SAN FRANCISCO — San Francisco may be getting ready to shed its image as a city where anything goes, including clothing.
City lawmakers are scheduled to vote Tuesday on an ordinance that would prohibit nudity in most public places, a blanket ban that represents an escalation of a two-year tiff between a devoted group of men in the city’s famously gay Castro District and the supervisor who represents the area.
Supervisor Scott Wiener’s proposal would make it illegal for a person over the age of 5 to “expose his or her genitals, perineum or anal region on any public street, sidewalk, street median, parklet or plaza” or while using public transit.
A first offense would carry a maximum penalty of a $100 fine, but prosecutors would have authority to charge a third violation as a misdemeanor punishable by up to a $500 fine and a year in jail. Exemptions would be made for participants at permitted street fairs and parades, such as the city’s annual gay pride event.
Mr. Wiener said he resisted introducing the ordinance, but felt compelled to act after constituents complained about the naked men who gather in a small Castro plaza most days and sometimes walk the streets unclothed. He persuaded his colleagues last year to pass a law requiring a cloth to be placed between public seating and bare rears, yet the complaints have continued.
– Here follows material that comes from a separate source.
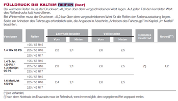 Der Druck ist in allen Rädern exakt nach Bedienungsanleitung vorhanden (Vorne 2,5+0,2=2,7bar ; hinten 2,2+0,2bar=2,4bar. Die +0,2bar sind laut Handbuch für Winterreifen zu verwenden). Nach dem Drücken des Resetknopfs links neben dem Lenkrad gibt es einen Signalton und eine Bestätigung im digitalen Tacho. Das ganze habe ich mittlerweile bestimmt 10x versucht, auch mit direkt darauf folgenden, langen Autobahnfahrten bei gleichmäßiger Geschwindigkeit.

“I don’t think having some guys taking their clothes off and hanging out seven days a week at Castro and Market Street is really what San Francisco is about. I think it’s a caricature of what San Francisco is about,” Mr. Wiener said.
The proposed ban predictably has produced outrage, as well as a lawsuit. Last week, about two dozen people disrobed in front of City Hall and marched around the block to the amusement of gawking tourists and high school students on a field trip.
Stripped down to his sunglasses and hiking boots, McCray Winpsett, 37, said he understands the disgust of residents who would prefer not to see the body modifications and sex enhancement devices sported by some of the Castro nudists. But he thinks Mr. Wiener’s prohibition goes too far in undermining a tradition “that keeps San Francisco weird.”
“A few lewd exhibitionists are really ruining it for the rest of us,” he said. “It’s my time to come out now to present myself in a light and show what true nudity is all about so people can separate the difference between what a nudist is and an exhibitionist is.”
Because clothes are required to enter City Hall itself, demonstrators who try to disrobe at the Board of Supervisors meeting will be escorted out by sheriff’s deputies.
San Francisco lawyer Christina DiEdoardo filed a federal lawsuit last week that seeks to block Mr. Weiner’s ordinance, if it passes and is signed by Mayor Edwin Lee. The complaint says the ban infringes on the free speech rights of nudists and discriminates against those who cannot afford to obtain a city permit.